## Problem statement
Within the entries below, output exactly the lines between the line containing "因为不是职业的修车师傅,大林" and the line containing "ANKARA’da önceki gün", inclusive, and omit any picture.

*** Material for this task ***

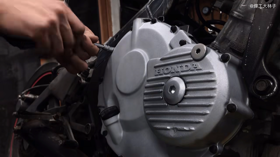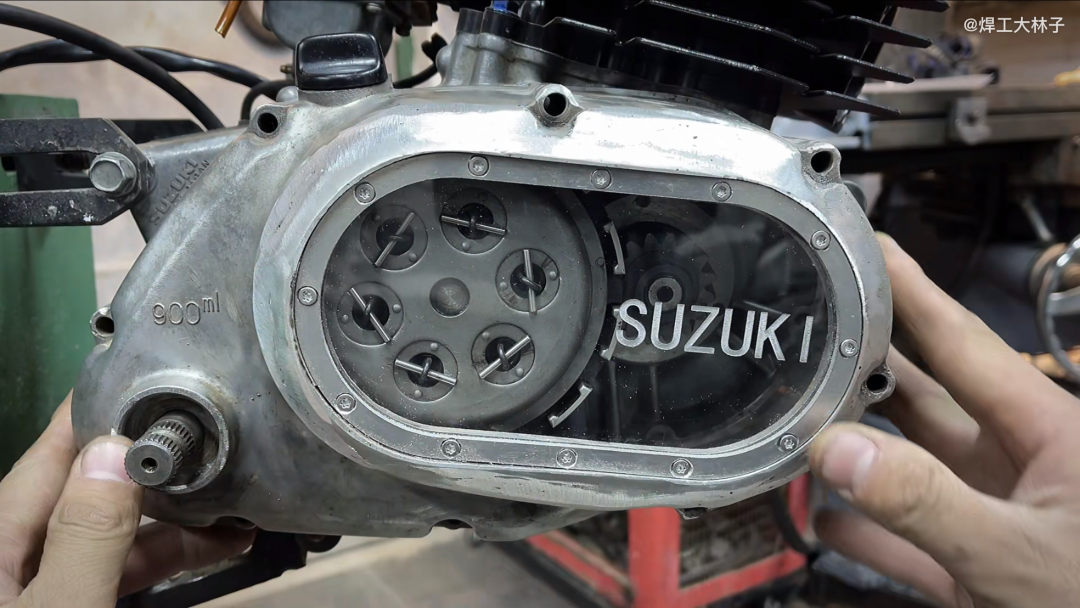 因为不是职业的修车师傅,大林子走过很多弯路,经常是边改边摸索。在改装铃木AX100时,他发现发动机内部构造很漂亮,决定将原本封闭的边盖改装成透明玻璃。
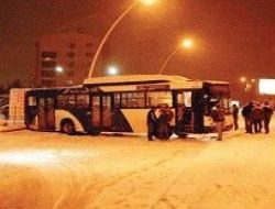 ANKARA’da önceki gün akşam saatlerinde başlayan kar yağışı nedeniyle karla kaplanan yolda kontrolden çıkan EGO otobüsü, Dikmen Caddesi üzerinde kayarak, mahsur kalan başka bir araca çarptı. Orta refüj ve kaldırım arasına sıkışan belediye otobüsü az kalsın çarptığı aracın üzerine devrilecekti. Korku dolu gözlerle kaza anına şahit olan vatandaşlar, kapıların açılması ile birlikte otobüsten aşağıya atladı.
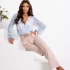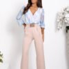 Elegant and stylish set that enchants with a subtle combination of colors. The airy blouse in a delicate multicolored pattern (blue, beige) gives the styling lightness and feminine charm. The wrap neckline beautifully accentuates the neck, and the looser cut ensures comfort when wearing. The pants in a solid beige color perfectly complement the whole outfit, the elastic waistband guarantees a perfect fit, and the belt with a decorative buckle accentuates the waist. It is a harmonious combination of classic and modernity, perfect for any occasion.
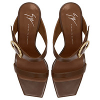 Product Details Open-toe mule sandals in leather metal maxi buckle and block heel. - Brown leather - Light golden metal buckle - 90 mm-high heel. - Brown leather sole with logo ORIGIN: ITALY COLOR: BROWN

***
*** Material for this task ***

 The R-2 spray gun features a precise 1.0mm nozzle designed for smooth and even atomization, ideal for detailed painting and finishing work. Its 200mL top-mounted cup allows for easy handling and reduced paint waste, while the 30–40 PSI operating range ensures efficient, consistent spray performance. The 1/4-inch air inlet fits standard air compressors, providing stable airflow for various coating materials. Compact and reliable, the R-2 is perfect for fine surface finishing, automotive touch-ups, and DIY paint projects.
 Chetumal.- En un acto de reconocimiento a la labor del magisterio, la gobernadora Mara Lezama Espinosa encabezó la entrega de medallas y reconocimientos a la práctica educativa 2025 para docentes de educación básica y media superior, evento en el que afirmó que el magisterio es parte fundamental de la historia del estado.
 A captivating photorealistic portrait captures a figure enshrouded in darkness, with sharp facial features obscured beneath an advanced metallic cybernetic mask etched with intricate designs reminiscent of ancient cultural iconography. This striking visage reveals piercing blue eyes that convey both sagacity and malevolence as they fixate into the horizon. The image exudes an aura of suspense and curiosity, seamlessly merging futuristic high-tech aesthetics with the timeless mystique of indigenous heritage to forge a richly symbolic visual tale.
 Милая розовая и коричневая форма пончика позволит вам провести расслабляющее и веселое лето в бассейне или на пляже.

***

## Solution for this task
 因为不是职业的修车师傅,大林子走过很多弯路,经常是边改边摸索。在改装铃木AX100时,他发现发动机内部构造很漂亮,决定将原本封闭的边盖改装成透明玻璃。
 ANKARA’da önceki gün akşam saatlerinde başlayan kar yağışı nedeniyle karla kaplanan yolda kontrolden çıkan EGO otobüsü, Dikmen Caddesi üzerinde kayarak, mahsur kalan başka bir araca çarptı. Orta refüj ve kaldırım arasına sıkışan belediye otobüsü az kalsın çarptığı aracın üzerine devrilecekti. Korku dolu gözlerle kaza anına şahit olan vatandaşlar, kapıların açılması ile birlikte otobüsten aşağıya atladı.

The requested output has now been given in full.